Business

Krispy Kreme's Canadian assets for sale

Operator of Krispy Kreme stores in Canada puts assets on sale seven weeks after being placed under bankruptcy protection.

Krispy Kreme's Canadian assets have been put up for sale seven weeks after the U.S.-based doughnut company had the firm that owns and operates stores in Canada placed under bankruptcy protection.

KremeKo Inc., which has exclusive franchise and licensing arrangements with Krispy Kreme Doughnut Corp., was forced on April 15 to file for protection from its creditors.

It decided this week that the greatest value could be achieved by an asset sale. The plan has the backing of Krispy Kreme and the company's secured creditors, including the Bank of Nova Scotia and GE Capital Canada Equipment Financing Inc., which is owed more than $3 million.

KremeKo could end up selling the business as a going concern or it could entertain offers for the rights to operate Krispy Kreme franchises in Canada.

"People could put in an offer for each of those scenarios," lawyer David Bish told the Canadian Press.
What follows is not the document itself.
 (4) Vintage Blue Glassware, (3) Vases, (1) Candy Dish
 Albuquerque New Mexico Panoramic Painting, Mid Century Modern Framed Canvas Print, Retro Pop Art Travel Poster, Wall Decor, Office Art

Bish represents one of KremeKo's landlords, Cadillac Fairview.

In a court filing this week, the company warned that it will need to begin drawing on a $1.5 million loan provided by Krispy Kreme for its restructuring by the week of June 20.
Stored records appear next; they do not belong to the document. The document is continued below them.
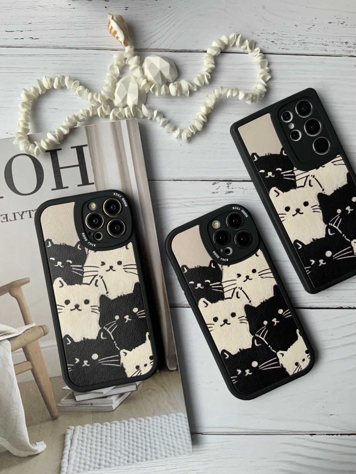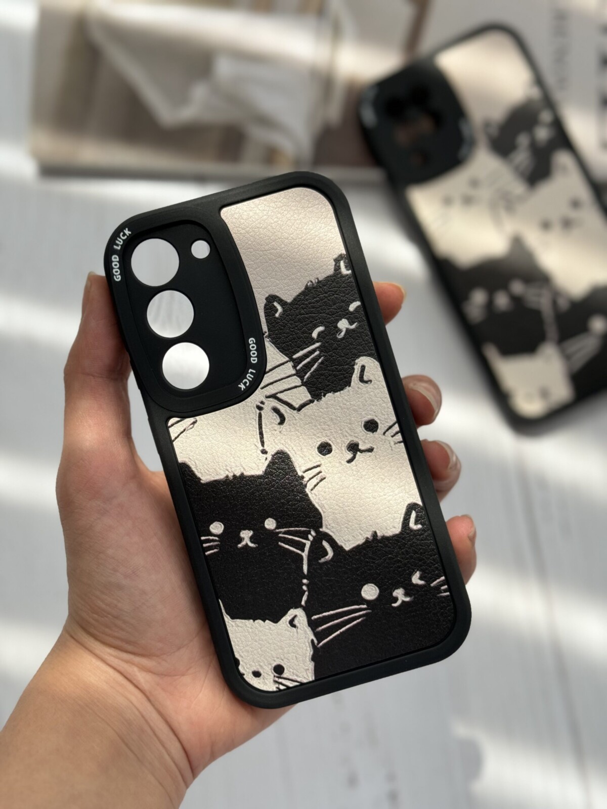 قاب موبایل سامسونگ گربه های کیوت سیاه و سفید محافظ لنزدار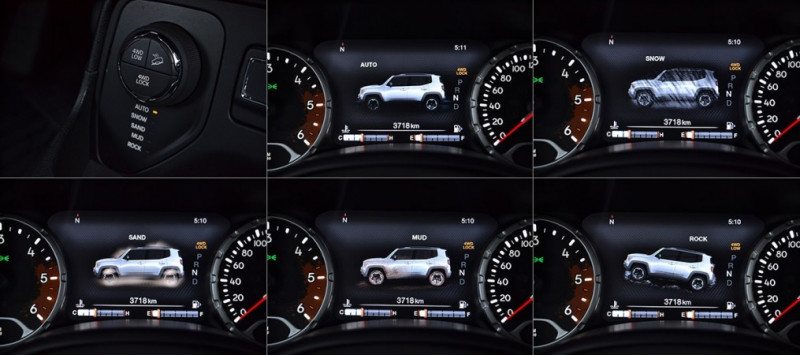 Especificamente na versão Trailhawk, existe uma diferença expressiva no painel de instrumentos. Entre os marcadores de velocidade e conta-giros, existe uma tela colorida multifuncional de TFT de 7 polegadas. Ela é a maior do segmento, e permite acessar diversas informações sobre o carro, que vão muito além de um simples computador de bordo. O motorista pode acessar enorme gama de opções de configuração do veículo, e até escolher quais dados vão aparecer nessa tela. Tudo isso é feito pelos botões presentes no volante multifuncional.
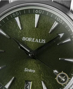 Eine Dress-Uhr mit einem 35.5mm Gehäuse im Vintage-Stil gefertigt aus Edelstahl mit einem Zifferblatt in grün und einer besonderen "sunburst radial (textured)"-Oberfläche.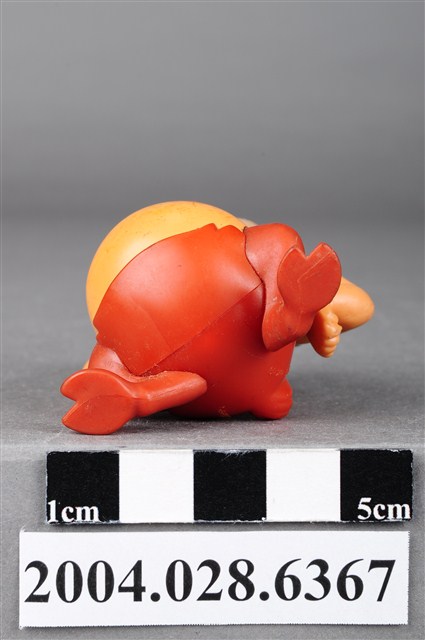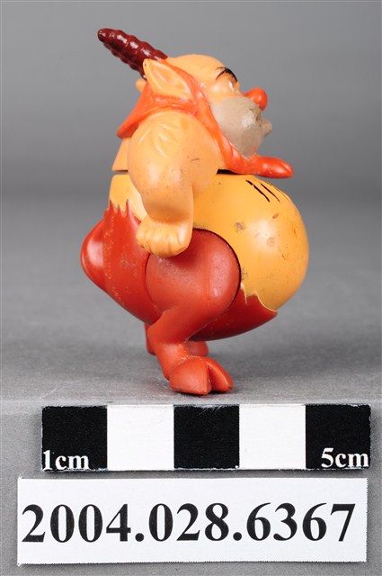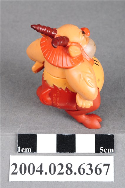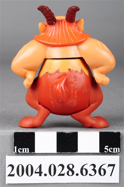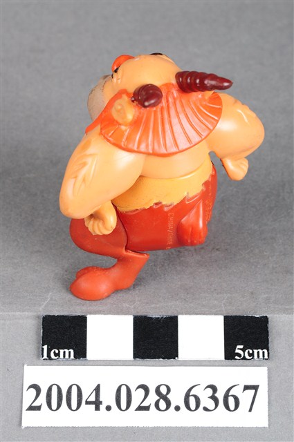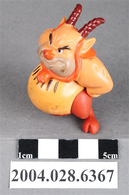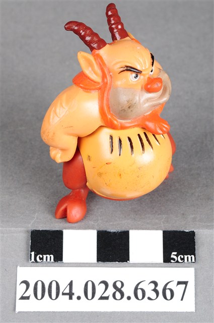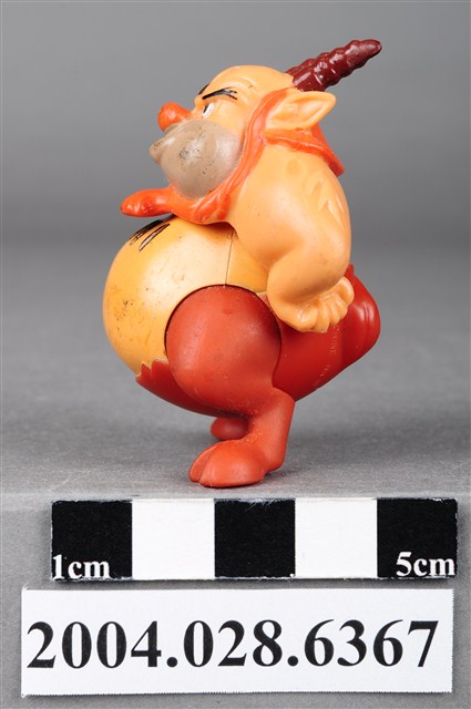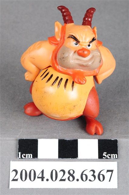 1.本物件為大力士之菲羅斯玩具,菲羅斯為一位羊角人身的角色,頭上有兩支咖啡色的羊角,鼻子為紅色,嘴巴留著鬍渣有棕色的鬃毛,雙手插腰,胸前有黑色的毛,下半身為暗紅色,雙腳成羊腳狀,有蹄。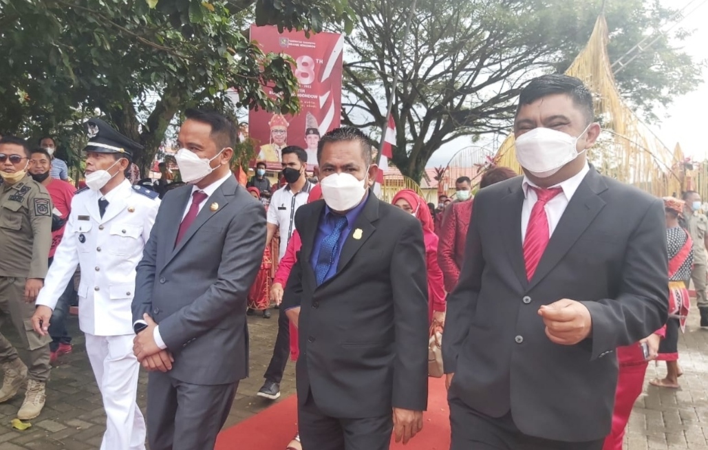 Ketua DPRD Kotamobagu ini pun hadir di agenda upacara HUT Kabupaten Bolmong yang Inspektur Upacara (Irup) Bupati Bolmong, Dra Hj Yasti Soepredjo Mokoagow, di halaman kantor Sekretariat Daerah (Setda) Bolmong, lalu rapat paripurna istimewa oleh DPRD Bolmong yang dipimpin Ketua Dewan Welty Komaling, dan ramah tamah di Rumah Jabatan (Rujab) Bupati Bolmong.

Cash flow projections show it expects to lay out nearly $1.4 million more cash than it takes in during the nine-week period ending Aug.5, when its current creditor protection order is due to expire.

Under an agreement reached in 2000, KremeKo was required to open 32 stores within seven years and pay Krispy Kreme $40,000 US for each store plus 4.5 per cent of sales.

However, by January this year rising losses had forced it to close six of its 18 stores, followed by another four outlets in April.

The company's woes mounted in May when the Ontario Ministry of Labour charged it with three violations of the Occupational Health and Safety Act relating to an accident in which an employee was injured in 2004. Each charge carries a maximum penalty of $500,000.

North Carolina-based Krispy Kreme's once-rosy financial fortunes began dimming in the spring of 2004, when it reported its first quarterly loss, placing much of the blame on the rising popularity of low-carbohydrate diets.

The company is now being run by a corporate turnaround specialist while the U.S. Securities and Exchange Commission investigates allegations of financial irregularities and exaggerated revenues.